Freeman D J, Caslake M J, Griffin B A, Hinnie J, Tan C E, Watson T D, Packard C J, Shepherd J
Institute of Biochemistry, Royal Infirmary, Glasgow, UK.
Eur J Clin Invest. 1998 Jul;28(7):584-91. doi: 10.1046/j.1365-2362.1998.00328.x.
Smoking is associated with dyslipidaemia, particularly raised plasma triglycerides and reduced high-density lipoprotein (HDL)-cholesterol and a delayed clearance of triglyceride in fat tolerance tests. The aim of this study was to investigate whether these phenomena could be explained by a reduced lipoprotein lipase activity in smokers.
A group of 40 healthy individuals [plasma cholesterol 5.07 (SD 0.90) mmol L-1, plasma triglyceride 1.02 (SD 0.39) mmol L-1)] was studied to examine the effects of smoking on plasma enzyme activities, particularly post-heparin lipase activities. The group comprised 20 smokers and 20 non-smokers, who were matched for age, gender and body mass index (BMI).
Post-heparin lipoprotein lipase (LPL) activity [3.89 (SD 1.58) vs. 5.85 (SD 2.30) mumol free fatty acids (FFA) mL-1 h-1, P < 0.005], but not post-heparin hepatic lipase (HL) activity, was reduced in smokers. Plasma cholesteryl ester transfer protein (CETP) activity and lecithin: cholesterol acyl transferase (LCAT) activity were measured in a subgroup of 18 individuals, comprising nine smokers with nine matched non-smokers. There was no difference in CETP activities between two groups, but smokers had a significantly reduced plasma LCAT activity [112 (SD 23) vs. 152 (SD 24) nmol cholesterol mL-1 h-1, P < 0.005]. In both smokers (r=-0.53, P < 0.05) and non-smokers (r=-0.54, P < 0.05), HDL2 concentration was negatively associated with HL activity. In non-smokers, HDL3 concentration was negatively associated with CETP activity (r= -0.77, P < 0.05), whereas in smokers HDL3 concentration was negatively associated with LCAT activity (r= -0.78, P < 0.050).

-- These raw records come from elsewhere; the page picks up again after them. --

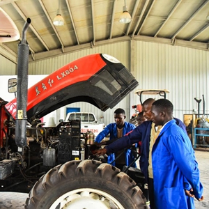 1月12日,在喀麦隆亚巴西,学生在农业职业技术中学上拖拉机实践课。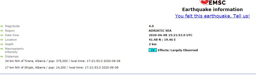 Një tjetër lëkundje tërmeti është regjistruar pak çaste më parë në Tiranë. Qendra Evropiane e Tërmeteve (ESCM) raporton se tërmeti ka qenë me magnitudë 4 të shkallës rihter.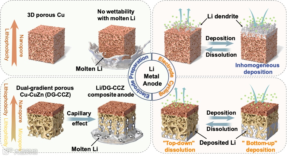 近日,南京邮电大学的马延文教授、赵进教授和陈剑宇副教授课题组联合阿卜杜拉国王科技大学Husam N. Alshareef教授团队,在国际知名期刊ACS Nano上发表题为“Engineering High-Performance Li Metal Batteries through Dual-Gradient Porous Cu-CuZn Host”的文章。该文章构建了具有亲锂-疏锂和微米孔-纳米孔双梯度的多孔铜-铜锌(DG-CCZ)集流体。该集流体通过毛细作用提升了DG-CCZ集流体中熔融锂的浸润速度和深度,实现锂金属的高效融入,此外,DG-CCZ集流体可以诱导电极循环过程中锂金属在多孔铜中“自下而上”沉积和“自上而下”溶解,实现定向扩散,从而有效提升了锂/多孔铜复合负极的高效制备和循环稳定性。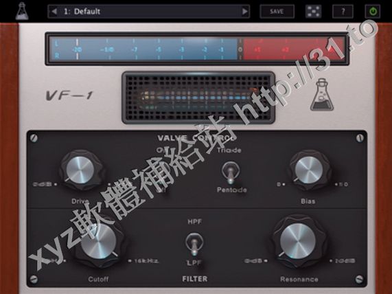 閥過濾器VF-1是多模諧振濾波器插件與古董閥仿真。過濾器後部分是模仿經典階梯濾波器低通和高通模式。閥門部分是倣傚古典Telefunken ECC83管,但增加了勇氣和定制的增益控制。

It was shown by direct measurement that the activity of plasma post-heparin LPL is reduced in smokers, independently of age, gender and BMI. It is concluded that this enzyme perturbation associated with smoking may contribute to the development of the atherogenic lipoprotein phenotype seen in smokers.

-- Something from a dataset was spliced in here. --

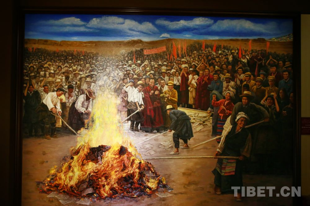 資料圖:反映達(dá)孜縣翻身農(nóng)奴焚燒契約和債券文書的美術(shù)作品 翻拍:許娜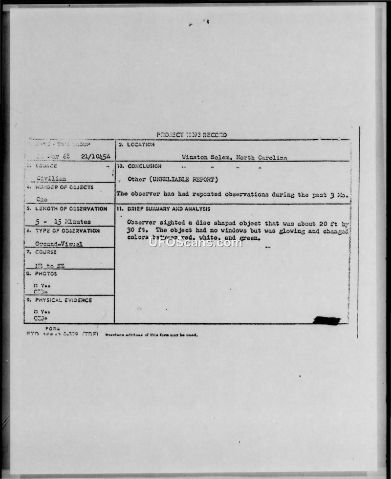 A military report from 1968 details a student's sighting of a glowing, disc-shaped object in Winston Salem, North Carolina. The Air Force classified the report as unreliable, citing the student's prior classroom focus on UFO topics as a likely influence.

吸烟与血脂异常有关,尤其是血浆甘油三酯升高、高密度脂蛋白(HDL)胆固醇降低,以及脂肪耐量试验中甘油三酯清除延迟。本研究的目的是调查这些现象是否可以用吸烟者脂蛋白脂肪酶活性降低来解释。
对一组40名健康个体[血浆胆固醇5.07(标准差0.90)mmol/L,血浆甘油三酯1.02(标准差0.39)mmol/L]进行研究,以检查吸烟对血浆酶活性的影响,特别是肝素后脂肪酶活性。该组包括20名吸烟者和20名不吸烟者,他们在年龄、性别和体重指数(BMI)方面相匹配。

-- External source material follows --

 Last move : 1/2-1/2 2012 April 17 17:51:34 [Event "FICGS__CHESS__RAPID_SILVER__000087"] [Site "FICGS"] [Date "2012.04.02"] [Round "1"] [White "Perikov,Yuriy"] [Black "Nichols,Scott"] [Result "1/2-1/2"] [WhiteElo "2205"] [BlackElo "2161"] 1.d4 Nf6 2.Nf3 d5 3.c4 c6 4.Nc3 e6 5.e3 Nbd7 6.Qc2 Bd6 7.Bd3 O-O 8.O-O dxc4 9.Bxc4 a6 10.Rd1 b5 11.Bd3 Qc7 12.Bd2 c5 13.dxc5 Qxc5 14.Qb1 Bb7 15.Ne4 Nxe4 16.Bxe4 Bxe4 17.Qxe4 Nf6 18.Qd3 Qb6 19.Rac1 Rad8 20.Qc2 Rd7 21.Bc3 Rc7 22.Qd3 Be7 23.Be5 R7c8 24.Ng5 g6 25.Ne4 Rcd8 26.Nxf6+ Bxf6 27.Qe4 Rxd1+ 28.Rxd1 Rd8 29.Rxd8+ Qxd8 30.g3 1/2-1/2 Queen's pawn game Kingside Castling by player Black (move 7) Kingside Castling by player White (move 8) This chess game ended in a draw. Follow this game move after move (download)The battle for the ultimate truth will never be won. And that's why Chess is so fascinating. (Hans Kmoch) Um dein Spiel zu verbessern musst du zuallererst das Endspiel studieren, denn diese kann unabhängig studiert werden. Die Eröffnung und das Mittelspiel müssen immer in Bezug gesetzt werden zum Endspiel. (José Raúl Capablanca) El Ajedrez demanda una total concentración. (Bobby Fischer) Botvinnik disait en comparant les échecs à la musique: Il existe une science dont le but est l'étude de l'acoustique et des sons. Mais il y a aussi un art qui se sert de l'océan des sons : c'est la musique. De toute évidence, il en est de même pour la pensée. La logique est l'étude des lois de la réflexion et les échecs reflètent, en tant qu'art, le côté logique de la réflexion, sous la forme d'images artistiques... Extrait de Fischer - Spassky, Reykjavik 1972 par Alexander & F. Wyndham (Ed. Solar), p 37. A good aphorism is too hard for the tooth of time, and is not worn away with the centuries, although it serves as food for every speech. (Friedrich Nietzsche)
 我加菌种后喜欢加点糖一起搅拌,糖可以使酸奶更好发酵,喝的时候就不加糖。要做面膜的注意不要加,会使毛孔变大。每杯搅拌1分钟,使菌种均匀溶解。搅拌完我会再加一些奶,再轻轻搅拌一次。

吸烟者肝素后脂蛋白脂肪酶(LPL)活性降低[3.89(标准差1.58)对5.85(标准差2.30)μmol游离脂肪酸(FFA)/mL-1/h-1,P<0.005],但肝素后肝脂肪酶(HL)活性未降低。在一个由18名个体组成的亚组中测量了血浆胆固醇酯转移蛋白(CETP)活性和卵磷脂:胆固醇酰基转移酶(LCAT)活性,该亚组包括9名吸烟者和9名匹配的不吸烟者。两组之间的CETP活性没有差异,但吸烟者的血浆LCAT活性显著降低[112(标准差23)对152(标准差24)nmol胆固醇/mL-1/h-1,P<0.005]。在吸烟者(r=-0.53,P<0.05)和不吸烟者(r=-0.54,P<0.05)中,HDL2浓度均与HL活性呈负相关。在不吸烟者中,HDL3浓度与CETP活性呈负相关(r=-0.77,P<0.05),而在吸烟者中,HDL3浓度与LCAT活性呈负相关(r=-0.78,P<0.050)。
通过直接测量表明,吸烟者血浆肝素后LPL活性降低,与年龄、性别和BMI无关。得出的结论是,这种与吸烟相关的酶紊乱可能有助于吸烟者出现动脉粥样硬化脂蛋白表型。